The approach described in this lecture to parallelize the spanning tree computation executes recursive Compute(c) method calls in parallel for all neighbors, c, of the current vertex, v. Object-based isolation helps avoid a data race in the MakeParent(v,c) method, when two parallel threads might attempt to call MakeParent(v1, c) and MakeParent(v2, c) on the same vertex c at the same time. In this example, the role of object-based isolation is to ensure that all calls to MakeParent(v,c) with the same c value must execute the object-based isolated statement in mutual exclusion, whereas calls with different values of c can proceed in parallel.

Atomic Variables

In this lecture, we studied Atomic Variables, an important special case of object-based isolation which can be very efficiently implemented on modern computer systems. In the example given in the lecture, we have multiple threads processing an array, each using object-based isolation to safely increment a shared object, cur, to compute an index j which can then be used by the thread to access a thread-specific element of the array.

However, instead of using object-based isolation, we can declare the index cur to be an Atomic Integer variable and use an atomic operation called getAndAdd() to atomically read the current value of cur and increment its value by 1. Thus, j=cur.getAndAdd(1) has the same semantics as isolated(cur) {j=cur;cur=cur+1;} but is implemented much more efficiently using hardware support on today’s machines.

Another example that we studied in the lecture concerns Atomic Reference Variables, which are reference variables that can be atomically read and modified using methods such as compareAndSet(). If we have an atomic reference ref, then the call to ref.compareAndSet(expected, new) will compare the value of ref to expected, and if they are the same, set the value of ref to new and return true. This all occurs in one atomic operation that cannot be interrupted by any other methods invoked on the ref object. If ref and expected have different values, compareAndSet() will not modify anything and will simply return false.

Read-Write Isolation

In this lecture we discussed Read-Write Isolation, which is a refinement of object-based isolation, and is a higher-level abstraction of the read-write locks studied earlier as part of Unstructured Locks. The main idea behind read-write isolation is to separate read accesses to shared objects from write accesses. This approach enables two threads that only read shared objects to freely execute in parallel since they are not modifying any shared objects. The need for mutual exclusion only arises when one or more threads attempt to enter an isolated section with write access to a shared object.

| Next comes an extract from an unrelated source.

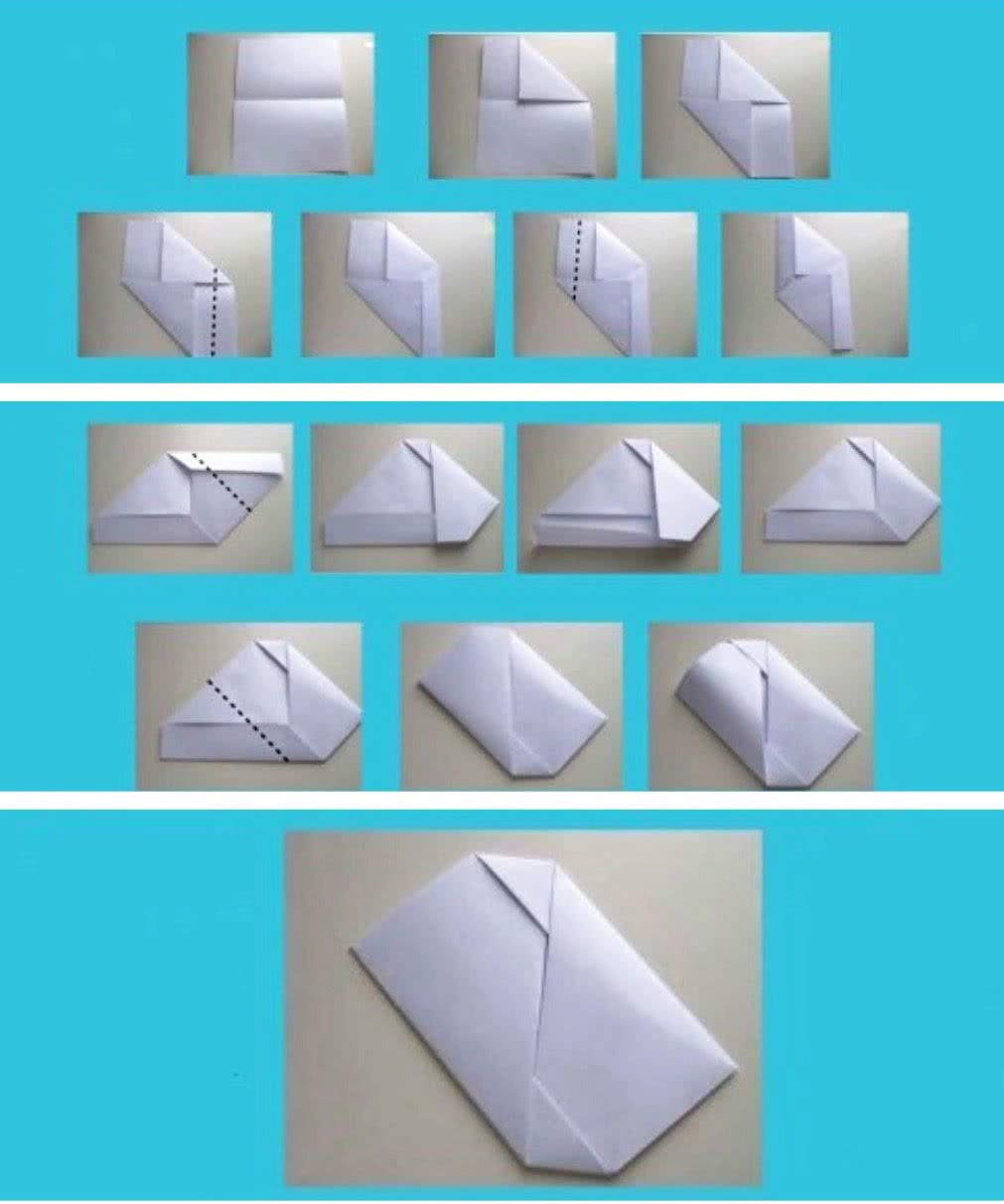 Если срочно потребовалось отправить прямоугольную корреспонденцию, например, документ, который не желательно складывать в несколько раз, или большую открытку, но нет подходящего конверта под рукой, то огорчаться не стóит. Его можно быстро сделать самостоятельно по простой схеме:

This approach exposes more concurrency than object-based isolation since it allows read accesses to be executed in parallel. In the doubly-linked list example from our lecture, when deleting an object cur from the list by calling delete(cur), we can replace object-based isolation on cur with read-only isolation, since deleting an object does not modify the object being deleted; only the previous and next objects in the list need to be modified.

Week 3

Actors

In this lecture, we introduced the Actor Model as an even higher level of concurrency control than locks or isolated sections. One limitation of locks, and even isolated sections, is that, while many threads might correctly control the access to a shared object (e.g., by using object-based isolation) it only takes one thread that accesses the object directly to create subtle and hard-to-discover concurrency errors. The Actor model avoids this problem by forcing all accesses to an object to be isolated by default. The object is part of the local state of an actor, and cannot be accessed directly by any other actor.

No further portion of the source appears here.